Он обернулся. Она сидела на стуле не шелохнувшись. И теперь совсем не была похожа на ту дурочку, которой казалась ему минуту назад… Может быть, она еще что-нибудь скажет интересное…
Валерий сел снова на стул. Он демонстративно задумался, посмотрел в потолок, подпер руками голову, посмотрел на Ольгины ноги и сказал, прищурившись:
– Что-то я тебя не пойму!
– Неужели это так сложно?
Ты посмотри – настоящий хамелеон. И не глупа, и от нерешительности следа не осталось.
– Вы хотите, чтобы ваш муж был поставлен на учет в нашу клинику? Чтобы у него был диагноз?
– Что-то вроде того, – уклончиво сказала Ольга.

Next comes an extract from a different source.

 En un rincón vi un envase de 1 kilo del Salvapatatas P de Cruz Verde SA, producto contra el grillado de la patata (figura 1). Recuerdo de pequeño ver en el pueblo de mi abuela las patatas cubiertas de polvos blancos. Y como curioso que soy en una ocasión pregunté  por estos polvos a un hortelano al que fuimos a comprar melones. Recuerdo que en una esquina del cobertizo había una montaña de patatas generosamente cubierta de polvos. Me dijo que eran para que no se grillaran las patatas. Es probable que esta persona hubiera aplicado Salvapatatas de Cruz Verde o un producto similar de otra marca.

– Но зачем? Я понимаю матерей, которые просят положить к нам их мальчиков призывного возраста. Но вас, простите, понять не могу.
Ольга смотрела на него в упор.
– Скажите, три тысячи долларов для вас большие деньги? – спросила она.

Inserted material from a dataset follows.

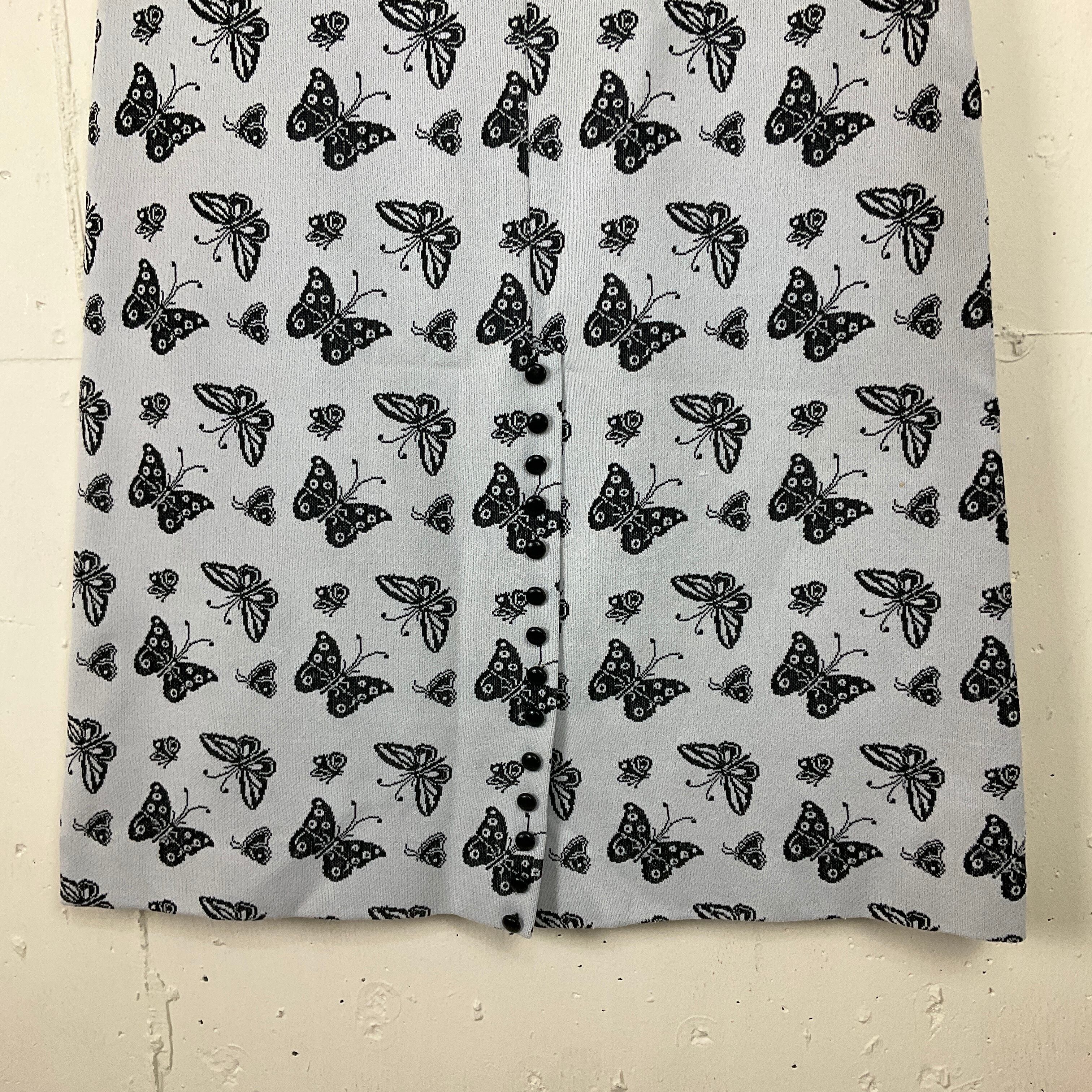 70年代 70s 蝶々 総柄 ノースリーブ Aライン ワンピース レディースL相当 古着 ヴィンテージ ビンテージ グレー【f240515024】

Валера заерзал на стуле. Считал он быстро. Да и эта странная женщина, похоже, уже сосчитала, что таких денег ему за всю жизнь не скопить с его зарплатой. На эти деньги он наконец сможет купить квартиру. И еще сможет… Глазки врача забегали.
– Четыре, – уточнил он.
– Три, – отрезала Ольга. – И если вас это интересует, я продолжу.
– Продолжай.
– Когда у мужа случится припадок, я привезу его к вам.
– Хорошо.
– От вас требуется немного: продержать его в течение недели в бессознательном состоянии.
Валера присвистнул, но кивнул головой:
– О’кей!
– Его пребывание здесь должно быть зафиксировано как тяжелый психический недуг.

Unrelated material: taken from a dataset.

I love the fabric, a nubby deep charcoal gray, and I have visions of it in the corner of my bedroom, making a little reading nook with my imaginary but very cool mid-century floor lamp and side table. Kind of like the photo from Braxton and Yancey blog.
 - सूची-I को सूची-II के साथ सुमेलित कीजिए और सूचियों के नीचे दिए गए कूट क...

– Например, шизофрения, – подсказал Валера.
– Кататоническая форма, – выказала свои познания Ольга.
– О-о-о-о… – протянул он, чтобы выиграть время. Взгляд женщины неприятно щекотал нервы. – Мне нужно подумать…
– Если вы будете думать, – перебила его Ольга, – то больше никогда меня не увидите. Желающих заработать много.
Она резко поднялась.
– Я согласен, – вырвалось у него. – Сядь. Согласен, уж не знаю, кто ты. – Он посмотрел на нее и покачал головой. – Но вот что меня волнует: люди, которые зарабатывают такие деньги, редко оказываются шизофрениками.
– Деньги зарабатываю я, а не он. Он старый спившийся дед… Нужно скинуть его куда-то.
– И куда же ты собралась его скинуть?
– В дом престарелых…
– А-а-а-а… В психоневрологический интернат?
– Есть и такой?
– Есть. В лесу, в пятидесяти километрах от города.
Ольга вытащила из сумочки портмоне, достала пять зелененьких хрустящих купюр по сто долларов:
– Ну-ка расскажи…
– Что-то ты сегодня долго.
Когда она вернулась, Марк с Андреем играли в шахматы.
– На Энск залюбовалась?
– Ах. – Ольга широко улыбалась, сегодня ей было по-настоящему весело. – Какая природа вокруг, милый. Я так рада, что мы выбрались из мрачного Питера. Этот город – настоящая сказка.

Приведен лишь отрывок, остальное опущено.